What’s the sum of the Fibonacci numbers \(F_0+F_1+F_2+...+F_n\)?
What’s the sum \(\frac{F_2}{F_1}+\frac{F_4}{F_2}+\frac{F_6}{F_3}+...+\frac{F_{18}}{F_9}+\frac{F_{20}}{F_{10}}\)?
Is \(F_{100}\) a multiple of \(3\)?
We have a sequence where the first term (\(x_1\)) is equal to \(2\), and each term is \(1\) minus the reciprocal of the previous term (which we can write as \(x_{n+1}=1-\frac{1}{x_n}\)).
What’s \(x_{57}\)?
Let \(n\) be a positive integer. Can \(n^7-77\) ever be a Fibonacci number?
Prove that every pair of consecutive Fibonacci numbers are coprime. That is, they share no common factors other than 1.
Calculate the following: \(F_1^2-F_0F_2\), \(F_2^2-F_1F_3\), \(F_3^2-F_2F_4\), \(F_4^2-F_3F_5\) and \(F_5^2-F_4F_6\). What do you notice?

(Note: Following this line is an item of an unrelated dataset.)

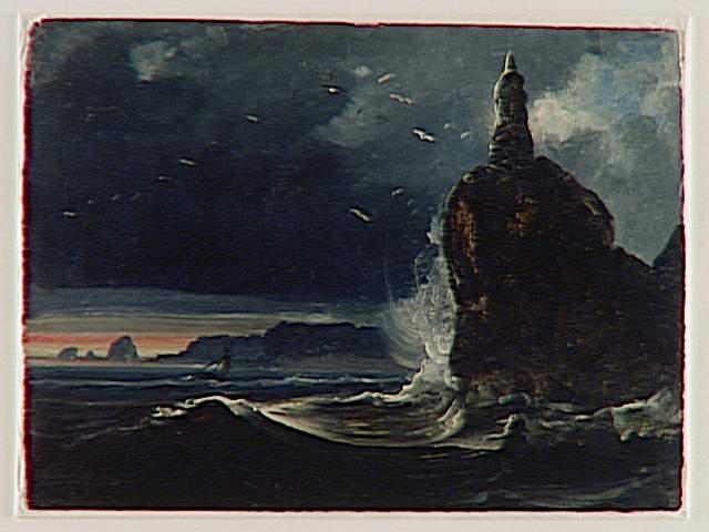 commandé par Louis-Philippe pour commémorer son voyage de 1795 en Laponie;appartient à une série de 31 esquisses, 26 sont conservées au Louvre, 7 sont perdues, (inv 997, 998, 1010, 1011, 1017, 1019, 1027) , 2 tableaux achevés de l'artiste représentant également des sites nordiques, et sans doute en rapport avec cette commande, sont déposés au musée du Tréport depuis 1896 (inv 993 : vue du cap nord, et inv 994 : vue de Drontheim);numéros d'inventaire des autres éléments : inv 995, inv 996, inv 999 à inv 1009, inv 1012 à inv 1016, inv 1018, inv 1020 inv 1021, inv 1023 à inv 1026

Work out \(F_3^2-F_0F_6\), \(F_4^2-F_1F_7\), \(F_5^2-F_2F_8\) and \(F_6^2-F_3F_9\). What pattern do you spot?
Can every whole number be written as the sum of two Fibonacci numbers? If yes, then prove it. If not, then give an example of a number that can’t be. The two Fibonacci numbers don’t have to be different.